PROBLEM TO SOLVE: Your answer must be an exact retyping of the line containing "sangli vidhansabha 2024" and every line after it through the end of the records below, with no pictures and nothing else.

+++ DATA SHOWN +++

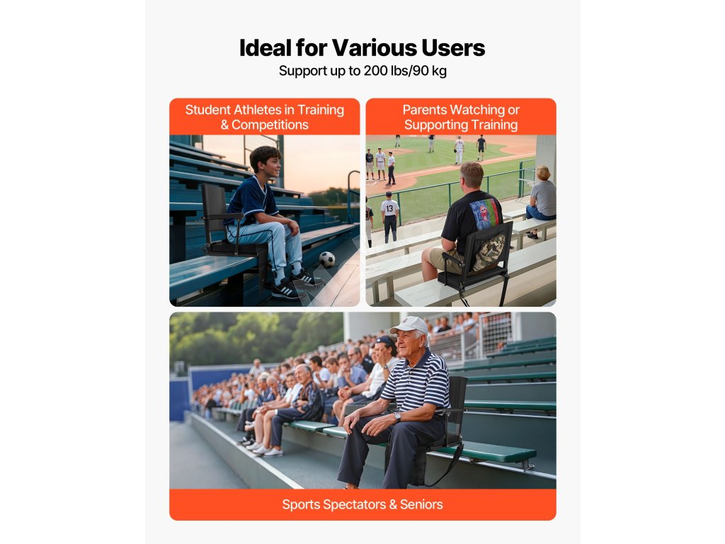 S našou skladacou sedačkou na štadión premeníte akékoľvek podujatie pod holým nebom na pohodlný zážitok. Vysokokvalitné materiály a spoľahlivý dizajn spájajú eleganciu a funkčnosť, ideálne pre študentov športovcov na tréningu, rodičov navštevujúcich tréningy a divákov alebo starších používateľov.
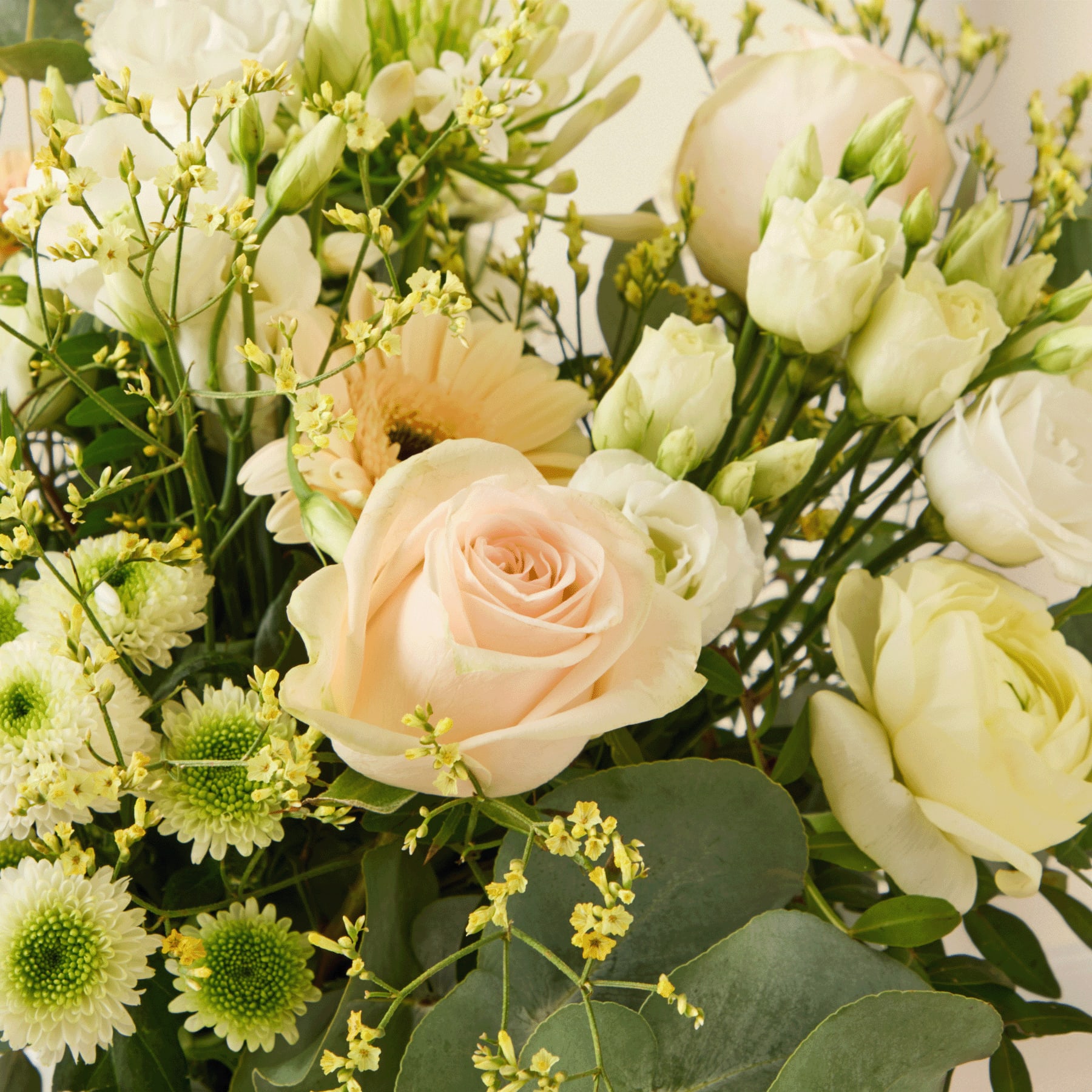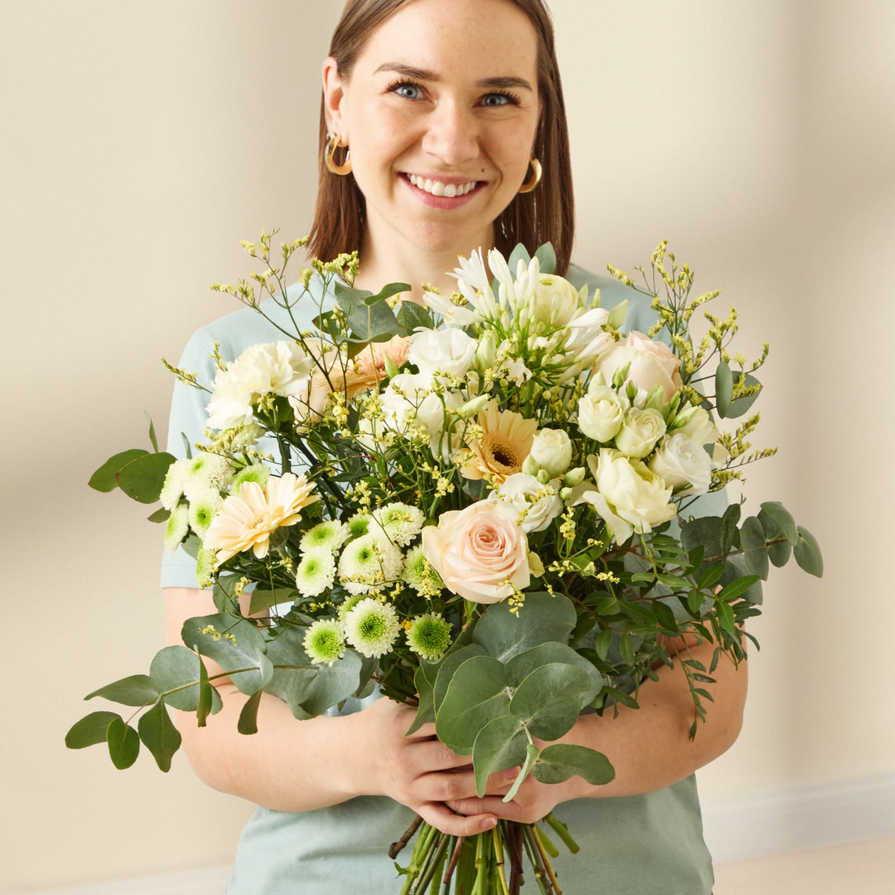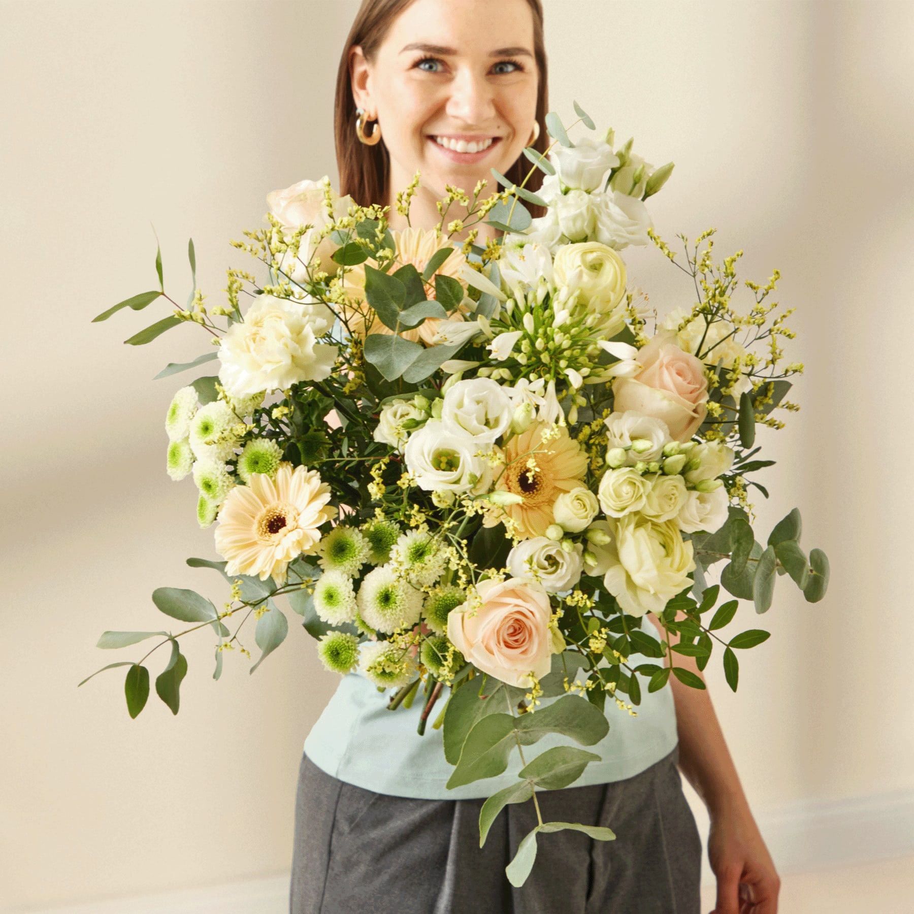 White Dream ist ein Strauß für alle, die die reine, klare Schönheit der Natur lieben. Zarte Ranunkeln, elegante Rosen und verspielte Nelken bilden das weiche Herz des Arrangements. Eukalyptus bringt moderne Frische, während Eustoma und Chrysanthemen feine Strukturen ergänzen. Die helle Farbpalette wirkt wie ein Wintermorgen voller Licht und Stille. Limonium und Pistazie runden das Bild mit natürlicher Textur ab. Mit 50 cm Stiellänge erinnert dieser Wiesenblumenstrauß an frostige Eleganz und sanfte Harmonie. Ein liebevoller Gruß, der Ruhe schenkt und gleichzeitig Geborgenheit vermittelt – ideal für besondere Menschen, denen du etwas Reines und Zeitloses schenken möchtest!
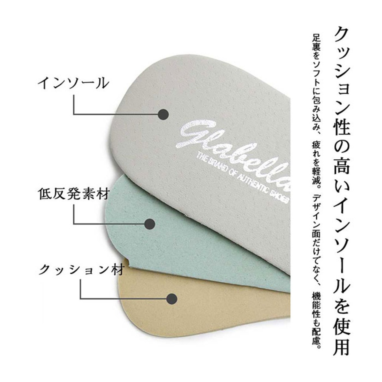 ・インソールには、かかと部分に程よくクッション性のある素材を使用。足裏をソフトに包み込んでくれて、足の疲れを軽減!
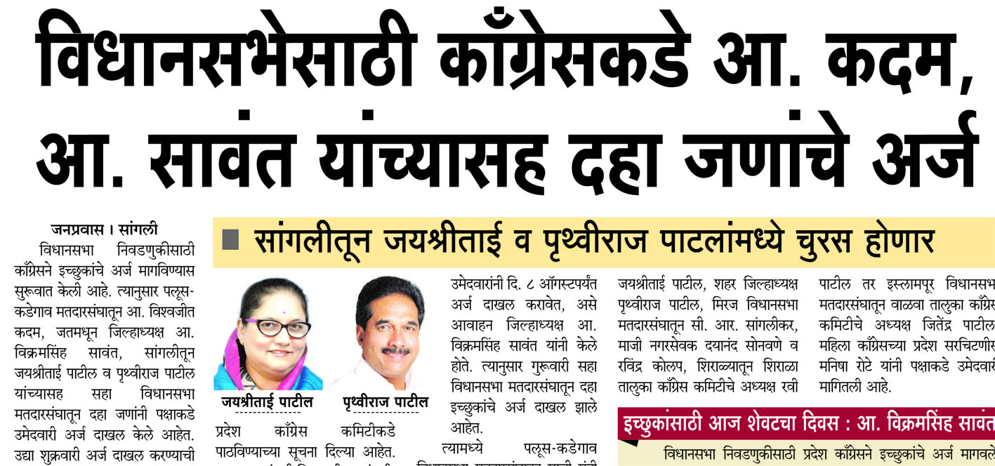 sangli vidhansabha 2024 : पृथ्वीराज, जयश्रीताई पाटलांच्या रस्सीखेचात मतविभागणीचा धोका August 10, 2024 No Comments
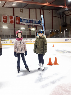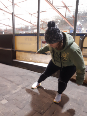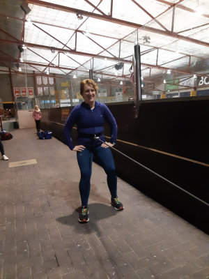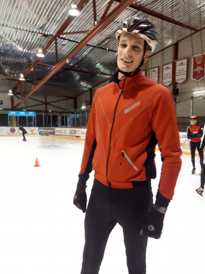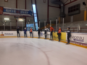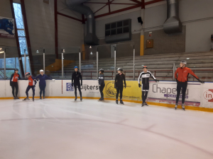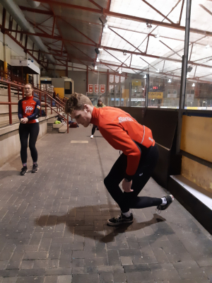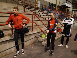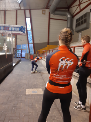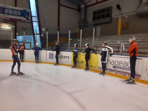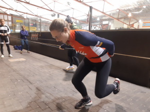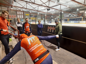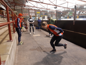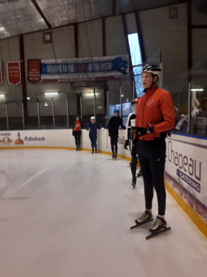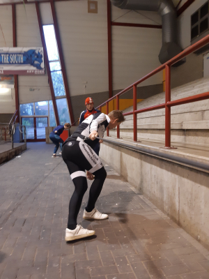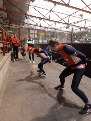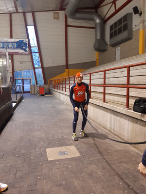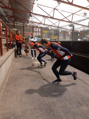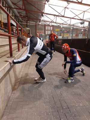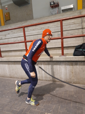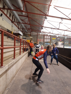 Voor een goede schaatstraining heb je niet per se ijs nodig. Op zaterdagochtend zijn we begonnen met zo'n 20 minuutjes droogtraining voordat we het ijs op gaan. Met trainingselastieken oefenen we bijv. de zijwaartse afzet en de start. Hoe strakker het elastiek, hoe meer je kan hangen en hoe meer kracht je moet leveren. Spierpijn gegarandeerd!
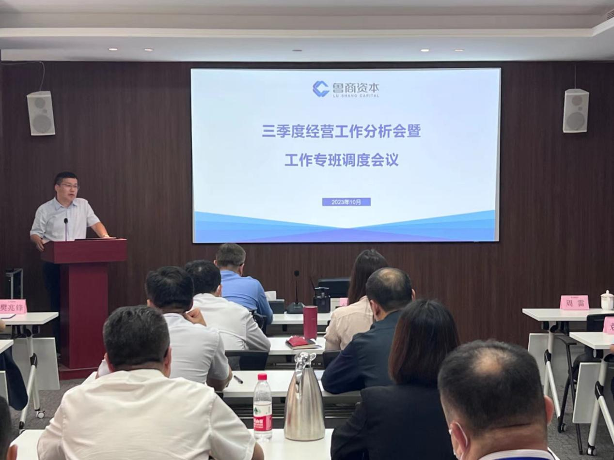 10月8日,魯商資本召開三季度經(jīng)營分析會,傳達(dá)魯商集團(tuán)三季度經(jīng)濟(jì)運行情況分析會議精神,分析公司經(jīng)營形勢,聚焦年度任務(wù),安排部署四季度重點工作任務(wù)。公司黨委書記、董事長紀(jì)軍令,黨委副書記、總經(jīng)理王軍出席會議并講話。
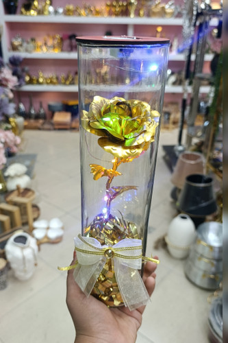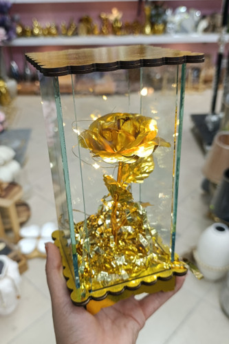 گل رز کادویی + باکس گل + چراغ خواب گل

+++

WRITTEN ANSWER:
 sangli vidhansabha 2024 : पृथ्वीराज, जयश्रीताई पाटलांच्या रस्सीखेचात मतविभागणीचा धोका August 10, 2024 No Comments
 Voor een goede schaatstraining heb je niet per se ijs nodig. Op zaterdagochtend zijn we begonnen met zo'n 20 minuutjes droogtraining voordat we het ijs op gaan. Met trainingselastieken oefenen we bijv. de zijwaartse afzet en de start. Hoe strakker het elastiek, hoe meer je kan hangen en hoe meer kracht je moet leveren. Spierpijn gegarandeerd!
 10月8日,魯商資本召開三季度經(jīng)營分析會,傳達(dá)魯商集團(tuán)三季度經(jīng)濟(jì)運行情況分析會議精神,分析公司經(jīng)營形勢,聚焦年度任務(wù),安排部署四季度重點工作任務(wù)。公司黨委書記、董事長紀(jì)軍令,黨委副書記、總經(jīng)理王軍出席會議并講話。
 گل رز کادویی + باکس گل + چراغ خواب گل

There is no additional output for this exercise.